BRIEF: Every record that follows should be written out word for word; the pictures stay out.

Dataset items:
○ ○ ○ ○ ○ ○ ○
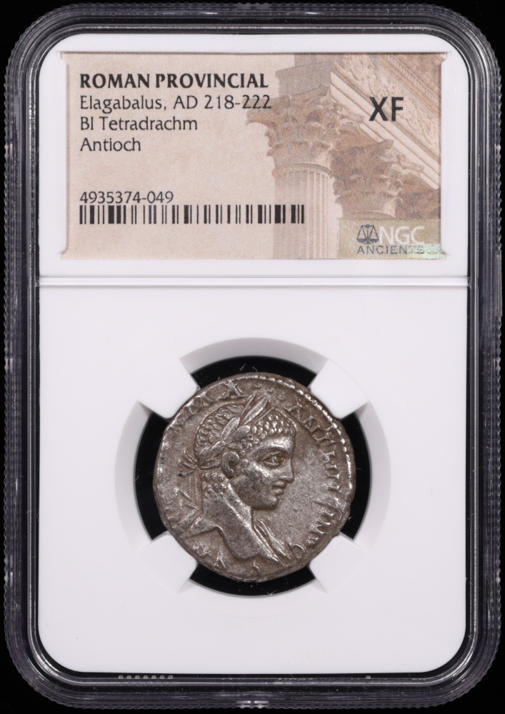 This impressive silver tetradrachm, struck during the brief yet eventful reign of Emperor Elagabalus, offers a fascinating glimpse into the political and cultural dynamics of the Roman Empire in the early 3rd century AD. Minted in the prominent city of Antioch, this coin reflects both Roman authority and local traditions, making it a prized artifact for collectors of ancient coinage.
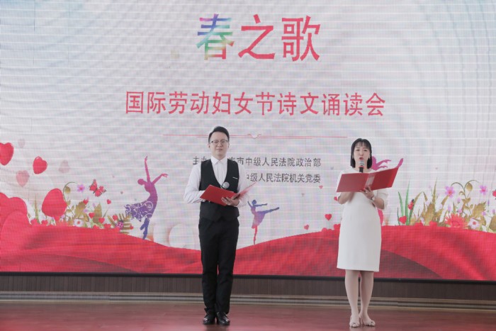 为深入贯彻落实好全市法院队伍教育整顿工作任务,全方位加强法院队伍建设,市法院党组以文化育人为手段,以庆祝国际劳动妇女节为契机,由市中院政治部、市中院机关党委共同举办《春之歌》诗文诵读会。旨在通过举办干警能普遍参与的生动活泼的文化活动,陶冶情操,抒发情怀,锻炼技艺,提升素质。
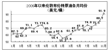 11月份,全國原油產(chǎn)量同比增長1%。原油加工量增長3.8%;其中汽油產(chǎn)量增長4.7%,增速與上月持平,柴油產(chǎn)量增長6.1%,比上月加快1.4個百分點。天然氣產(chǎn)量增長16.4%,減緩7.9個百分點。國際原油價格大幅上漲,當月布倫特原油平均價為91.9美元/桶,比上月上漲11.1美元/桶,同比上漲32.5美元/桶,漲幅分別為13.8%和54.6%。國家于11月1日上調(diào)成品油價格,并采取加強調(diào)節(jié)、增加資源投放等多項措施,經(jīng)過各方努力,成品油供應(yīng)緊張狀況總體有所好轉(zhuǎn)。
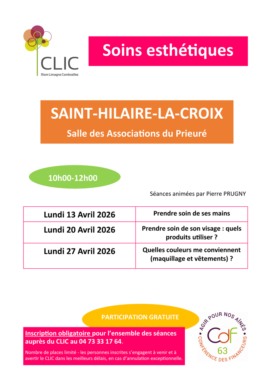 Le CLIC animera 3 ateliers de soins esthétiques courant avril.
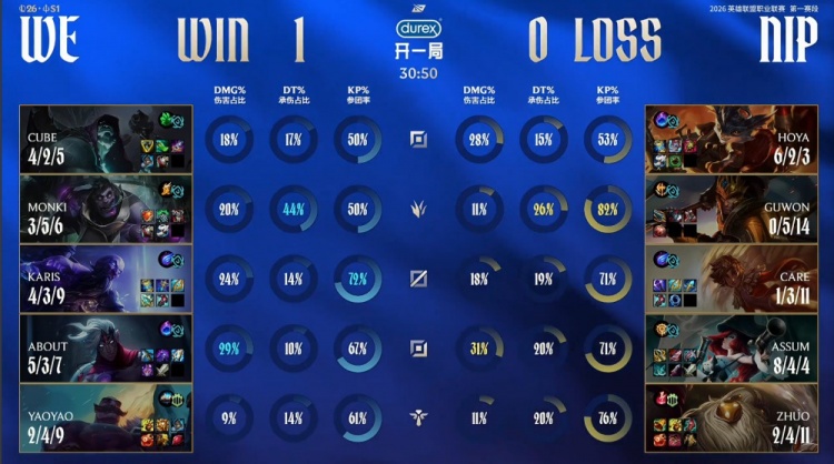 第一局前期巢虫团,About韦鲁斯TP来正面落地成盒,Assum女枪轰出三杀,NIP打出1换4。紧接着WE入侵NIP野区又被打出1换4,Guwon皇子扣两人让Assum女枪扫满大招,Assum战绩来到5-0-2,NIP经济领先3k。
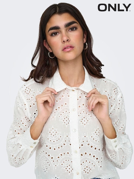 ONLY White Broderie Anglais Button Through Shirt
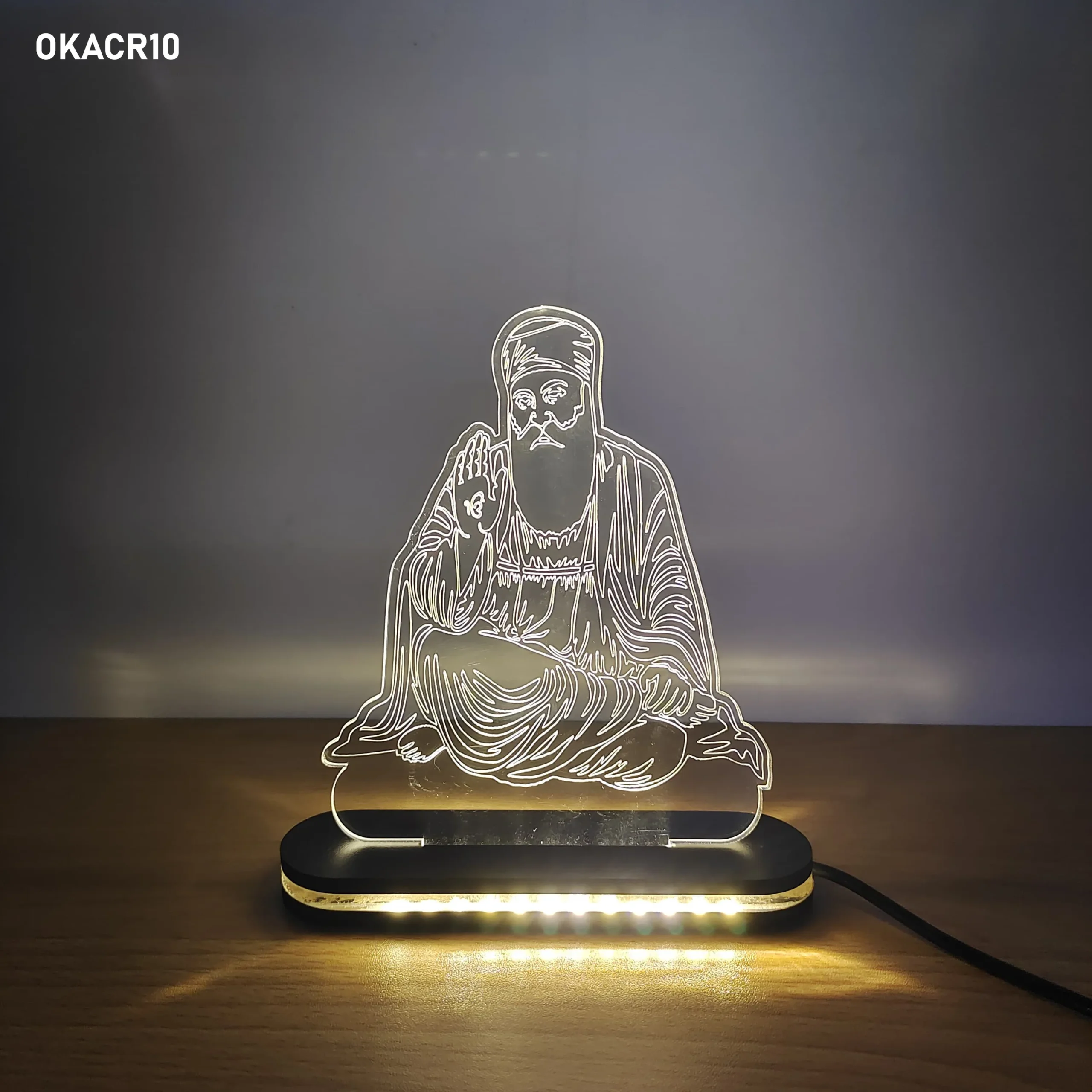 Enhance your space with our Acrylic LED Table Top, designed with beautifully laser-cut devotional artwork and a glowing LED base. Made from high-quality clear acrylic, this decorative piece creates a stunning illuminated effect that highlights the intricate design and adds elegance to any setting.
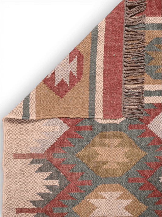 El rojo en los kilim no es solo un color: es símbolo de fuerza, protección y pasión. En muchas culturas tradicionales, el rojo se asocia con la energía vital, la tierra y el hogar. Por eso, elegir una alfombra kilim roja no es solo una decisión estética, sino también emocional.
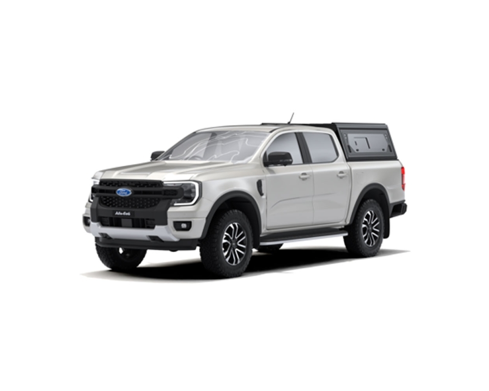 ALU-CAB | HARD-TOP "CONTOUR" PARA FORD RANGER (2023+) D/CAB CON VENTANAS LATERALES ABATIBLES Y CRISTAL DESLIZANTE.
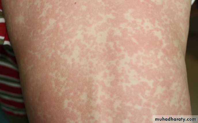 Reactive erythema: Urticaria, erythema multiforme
○ ○ ○ ○ ○ ○ ○
EXERCISE RESPONSE:
 This impressive silver tetradrachm, struck during the brief yet eventful reign of Emperor Elagabalus, offers a fascinating glimpse into the political and cultural dynamics of the Roman Empire in the early 3rd century AD. Minted in the prominent city of Antioch, this coin reflects both Roman authority and local traditions, making it a prized artifact for collectors of ancient coinage.
 为深入贯彻落实好全市法院队伍教育整顿工作任务,全方位加强法院队伍建设,市法院党组以文化育人为手段,以庆祝国际劳动妇女节为契机,由市中院政治部、市中院机关党委共同举办《春之歌》诗文诵读会。旨在通过举办干警能普遍参与的生动活泼的文化活动,陶冶情操,抒发情怀,锻炼技艺,提升素质。
 11月份,全國原油產(chǎn)量同比增長1%。原油加工量增長3.8%;其中汽油產(chǎn)量增長4.7%,增速與上月持平,柴油產(chǎn)量增長6.1%,比上月加快1.4個百分點。天然氣產(chǎn)量增長16.4%,減緩7.9個百分點。國際原油價格大幅上漲,當月布倫特原油平均價為91.9美元/桶,比上月上漲11.1美元/桶,同比上漲32.5美元/桶,漲幅分別為13.8%和54.6%。國家于11月1日上調(diào)成品油價格,并采取加強調(diào)節(jié)、增加資源投放等多項措施,經(jīng)過各方努力,成品油供應(yīng)緊張狀況總體有所好轉(zhuǎn)。
 Le CLIC animera 3 ateliers de soins esthétiques courant avril.
 第一局前期巢虫团,About韦鲁斯TP来正面落地成盒,Assum女枪轰出三杀,NIP打出1换4。紧接着WE入侵NIP野区又被打出1换4,Guwon皇子扣两人让Assum女枪扫满大招,Assum战绩来到5-0-2,NIP经济领先3k。
 ONLY White Broderie Anglais Button Through Shirt
 Enhance your space with our Acrylic LED Table Top, designed with beautifully laser-cut devotional artwork and a glowing LED base. Made from high-quality clear acrylic, this decorative piece creates a stunning illuminated effect that highlights the intricate design and adds elegance to any setting.
 El rojo en los kilim no es solo un color: es símbolo de fuerza, protección y pasión. En muchas culturas tradicionales, el rojo se asocia con la energía vital, la tierra y el hogar. Por eso, elegir una alfombra kilim roja no es solo una decisión estética, sino también emocional.
 ALU-CAB | HARD-TOP "CONTOUR" PARA FORD RANGER (2023+) D/CAB CON VENTANAS LATERALES ABATIBLES Y CRISTAL DESLIZANTE.
 Reactive erythema: Urticaria, erythema multiforme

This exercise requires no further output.